Che cosa farà (forse) la Fed, secondo il Financial Times, e come reagiranno i mercati

La Federal Reserve annuncerà i suoi piani per ridurre gli acquisti di obbligazioni dell’era della crisi?

La riunione di due giorni della banca centrale statunitense, che si concluderà mercoledì, sarà in cima ai pensieri di molti investitori che andranno a caccia di indizi su quando la Federal Reserve inizierà a ridurre i suoi 120 miliardi di dollari di acquisti mensili di titoli di stato.

Nel suo discorso di agosto al simposio di Jackson Hole, il presidente della Fed Jay Powell ha indicato che il comitato di definizione delle politiche della banca centrale potrebbe presto iniziare a ridurre i suoi programmi di stimolo dell’era pandemica a due condizioni: Un “progresso sostanziale” verso la massima occupazione e verso un tasso di inflazione medio del 2%. L’obiettivo dell’inflazione è stato raggiunto, ha riconosciuto Powell, e il mercato del lavoro è sulla buona strada.

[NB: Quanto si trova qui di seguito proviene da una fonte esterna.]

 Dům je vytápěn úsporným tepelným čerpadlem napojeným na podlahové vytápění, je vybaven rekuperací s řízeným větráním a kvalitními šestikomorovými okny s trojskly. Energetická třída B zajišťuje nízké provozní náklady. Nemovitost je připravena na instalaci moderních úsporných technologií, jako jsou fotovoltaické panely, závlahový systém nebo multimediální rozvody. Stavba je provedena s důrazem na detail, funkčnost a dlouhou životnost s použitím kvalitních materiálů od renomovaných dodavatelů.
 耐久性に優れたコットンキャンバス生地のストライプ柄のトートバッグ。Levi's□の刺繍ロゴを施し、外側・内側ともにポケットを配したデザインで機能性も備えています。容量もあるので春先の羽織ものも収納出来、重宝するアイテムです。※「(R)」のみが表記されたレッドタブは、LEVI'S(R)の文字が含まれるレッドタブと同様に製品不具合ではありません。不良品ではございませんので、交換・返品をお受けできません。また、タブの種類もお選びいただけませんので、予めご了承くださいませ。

Ma i dati sull’occupazione in agosto sono stati più deboli del previsto, il che potrebbe fermare la mano della Fed per ora – scrive il FT.

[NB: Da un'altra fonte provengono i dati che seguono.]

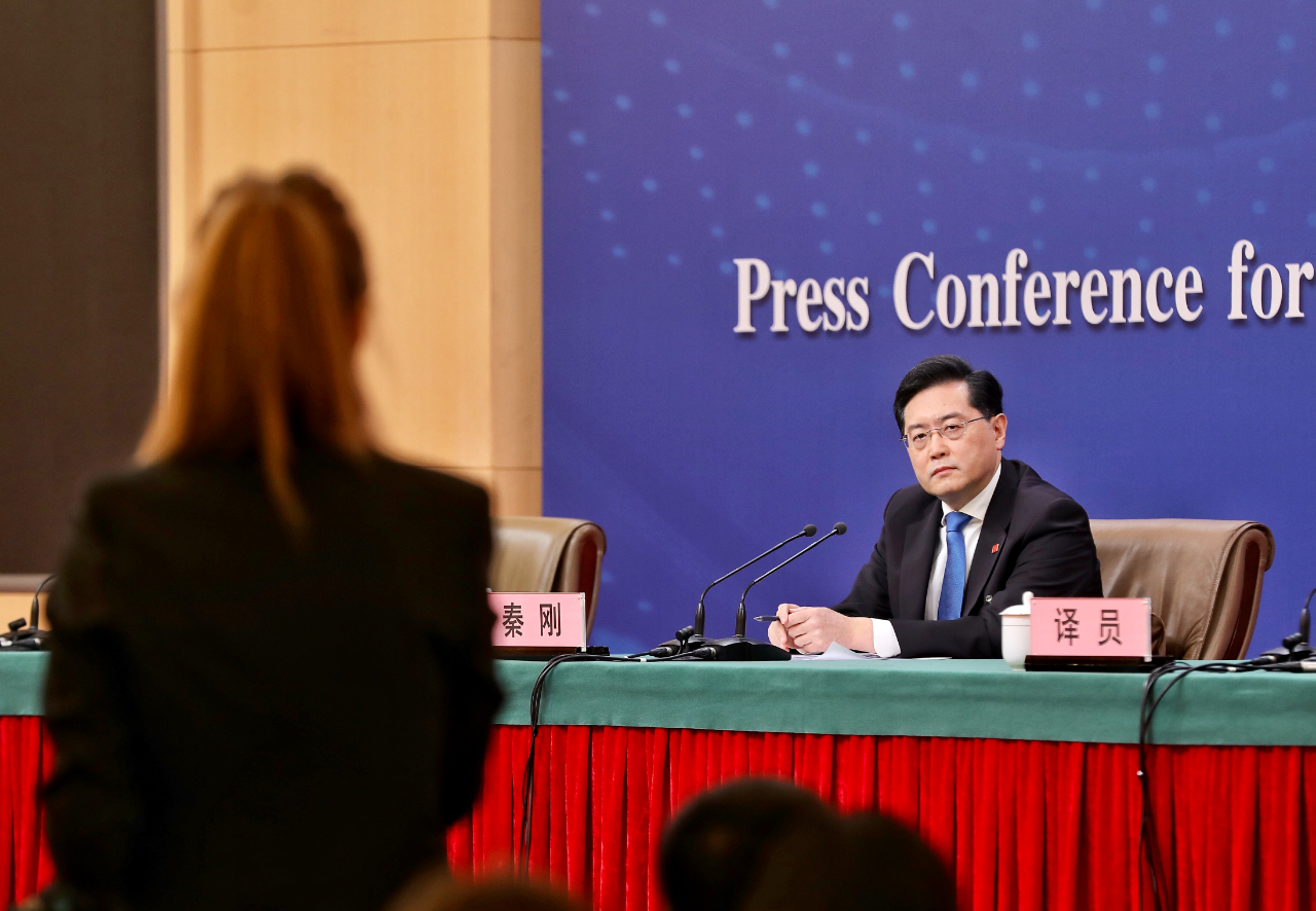 7日上午10时,十四届全国人大一次会议在梅地亚新闻中心举行记者会,就“中国外交政策和对外关系”相关问题,外交部长秦刚答记者问。

“Ci aspettiamo che il Federal Open Market Committee apra la porta a un possibile annuncio del taper a novembre, a condizione di un solido aumento dell’occupazione a settembre. Crediamo che l’ostacolo sia di circa 750.000 [posti di lavoro aggiunti], che dovrebbe essere superato abbastanza facilmente”, hanno scritto gli analisti di Jefferies.

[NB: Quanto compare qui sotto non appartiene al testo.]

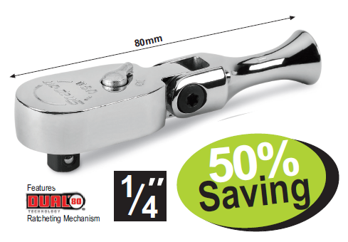 FRKF80A - 3/8" Drive Dual 80® Technology Stubby Handle Flex-Head Quick-Release Ratchet 120mm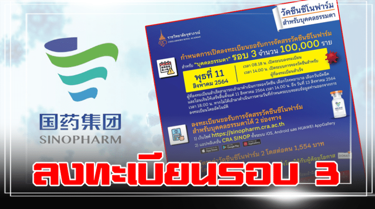 ลงทะเบียนที่นี่! เปิดจอง “ซิโนฟาร์ม” รอบ 3 พรุ่งนี้ เช็กเงื่อนไขด่วน

Anche il dot plot della Fed sarà al centro dell’attenzione, una mappa delle aspettative dei funzionari della Fed su dove saranno i tassi di interesse degli Stati Uniti nei prossimi anni. Il grafico potrebbe essere in grado di muovere il mercato, soprattutto se le aspettative per il ciclo di aumenti sono anticipate.

Meghan Swiber, stratega dei tassi USA alla Bank of America, ha detto che si aspetta che i punti mediani per il 2022 e il 2023 rimangano invariati da giugno, riflettendo gli aumenti a partire dal 2023. Ma il dot plot fornirà per la prima volta informazioni sulle aspettative per il 2024.

“La nostra aspettativa è che mostreranno tre ulteriori aumenti dei tassi nel 2024. I punti riflettono il caso base dei partecipanti al FOMC, quindi c’è effettivamente qualche rischio che questo sia più falco rispetto ai prezzi di mercato”, ha detto Swiber. Kate Duguid

COME REAGIRÀ LA BANCA D’INGHILTERRA A UN FORTE AUMENTO DELL’INFLAZIONE?

Gli investitori osserveranno da vicino la risposta della Banca d’Inghilterra ad un aumento a sorpresa dell’inflazione durante la prossima riunione politica di giovedì. Gli aumenti annuali dei prezzi al consumo nel Regno Unito hanno accelerato al 3,2 per cento nel mese di agosto – il tasso di inflazione più alto dal 2012 – i dati della scorsa settimana hanno mostrato, ben al di sopra dell’obiettivo del 2 per cento della BoE.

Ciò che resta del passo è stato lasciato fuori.